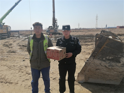 施工現(xiàn)場,工人將一只受傷的貓頭鷹交給派出所民警。(攝影:王軒)
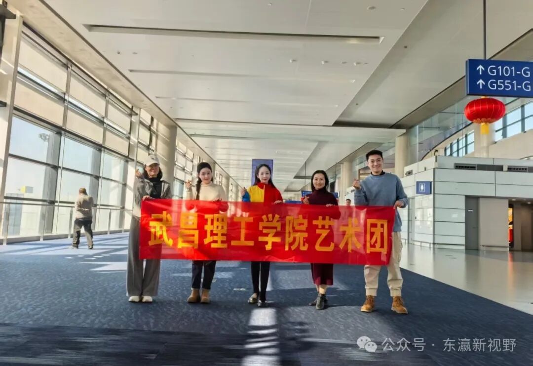 徐颖等“武昌理工学院艺术团”5名成员出发赴大阪时合影
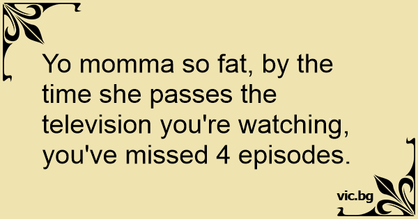 Yo momma so fат, by the time she passes the television you're watching, you've missed 4 episodes.
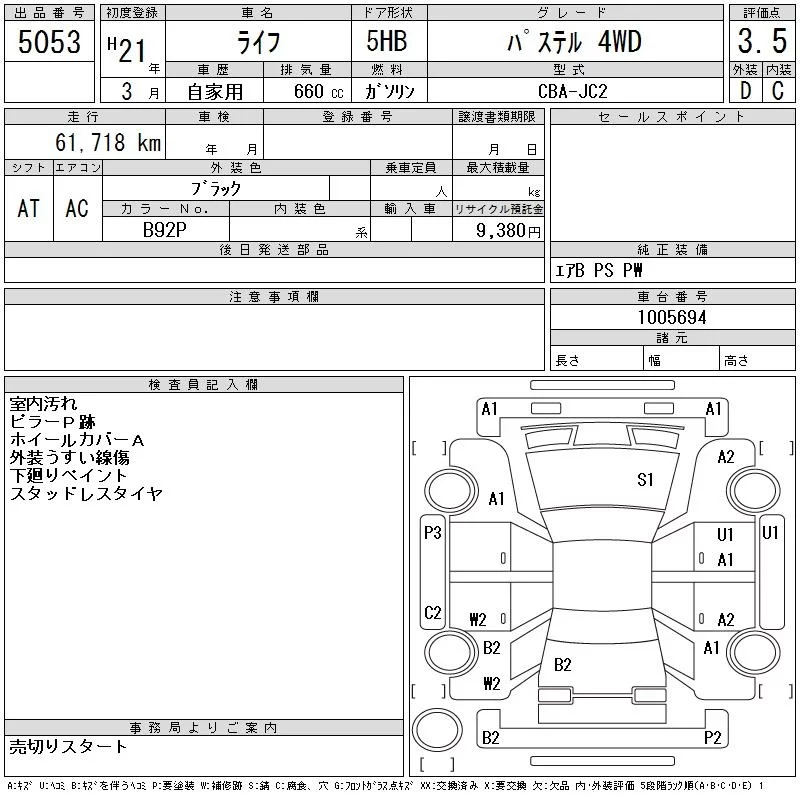 Honda LIFE с аукциона Японии CAA Tohoku лот № 5053
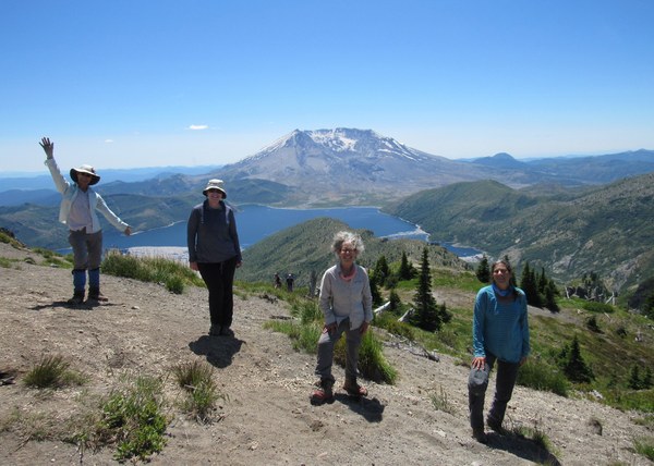 It was a beautiful day. The temps didn't get too high, but it seemed hotter as this is a very dry trail with little shade. The view of Mt. St. Helens and Spirit Lake just past Norway Pass is spectacular. The flowers are in full bloom on the lower trail right now and in early bloom higher up. As we hiked up, we had good views of Mt. Rainier, Mt. Adams and Mt. Hood. Mt. Jefferson was visible too. There were Elk and mountain goats. Bear Camp was a good resting spot and still has some water, once the snow melts, it will be dry. From Mt. Margaret, we could see into the crater. There were snow patches to cross on the way up - traction devices advised at this time.
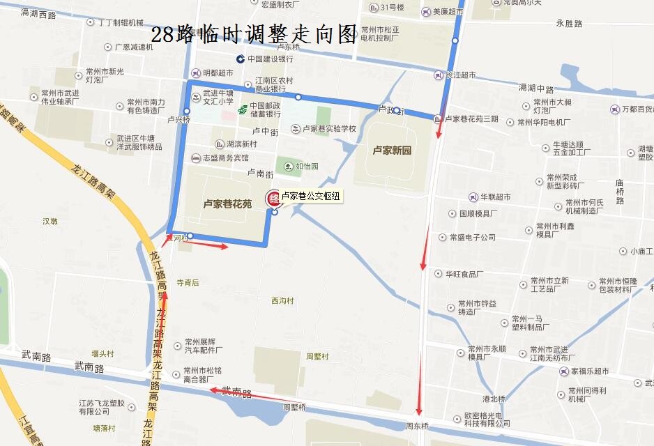 因盧政街(長(zhǎng)江路—湖濱路)封閉施工需實(shí)施交通管制,常州公交將于2017年9月15日起對(duì)涉及的28、71、501路公交作臨時(shí)調(diào)整,具體調(diào)整方案如下:
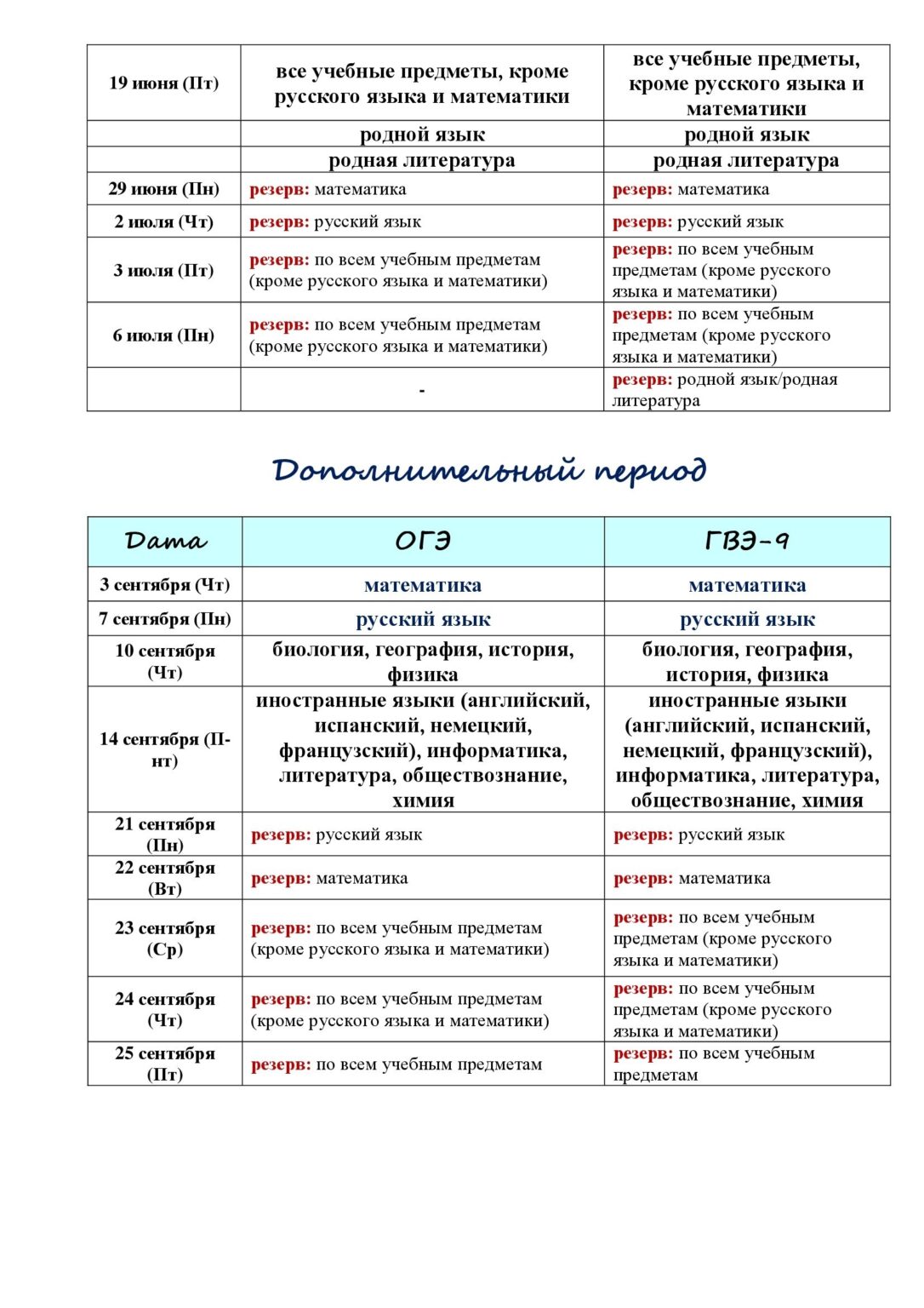 Участники экзаменов, у которых совпали сроки проведения экзаменов по отдельным учебным предметам, могут сдать их в резервные дни.

——

TASK PROMPT:
Would you repeat the entries exactly, keeping the images out?

WRITTEN RESPONSE:
 施工現(xiàn)場,工人將一只受傷的貓頭鷹交給派出所民警。(攝影:王軒)
 徐颖等“武昌理工学院艺术团”5名成员出发赴大阪时合影
 Yo momma so fат, by the time she passes the television you're watching, you've missed 4 episodes.
 Honda LIFE с аукциона Японии CAA Tohoku лот № 5053
 It was a beautiful day. The temps didn't get too high, but it seemed hotter as this is a very dry trail with little shade. The view of Mt. St. Helens and Spirit Lake just past Norway Pass is spectacular. The flowers are in full bloom on the lower trail right now and in early bloom higher up. As we hiked up, we had good views of Mt. Rainier, Mt. Adams and Mt. Hood. Mt. Jefferson was visible too. There were Elk and mountain goats. Bear Camp was a good resting spot and still has some water, once the snow melts, it will be dry. From Mt. Margaret, we could see into the crater. There were snow patches to cross on the way up - traction devices advised at this time.
 因盧政街(長(zhǎng)江路—湖濱路)封閉施工需實(shí)施交通管制,常州公交將于2017年9月15日起對(duì)涉及的28、71、501路公交作臨時(shí)調(diào)整,具體調(diào)整方案如下:
 Участники экзаменов, у которых совпали сроки проведения экзаменов по отдельным учебным предметам, могут сдать их в резервные дни.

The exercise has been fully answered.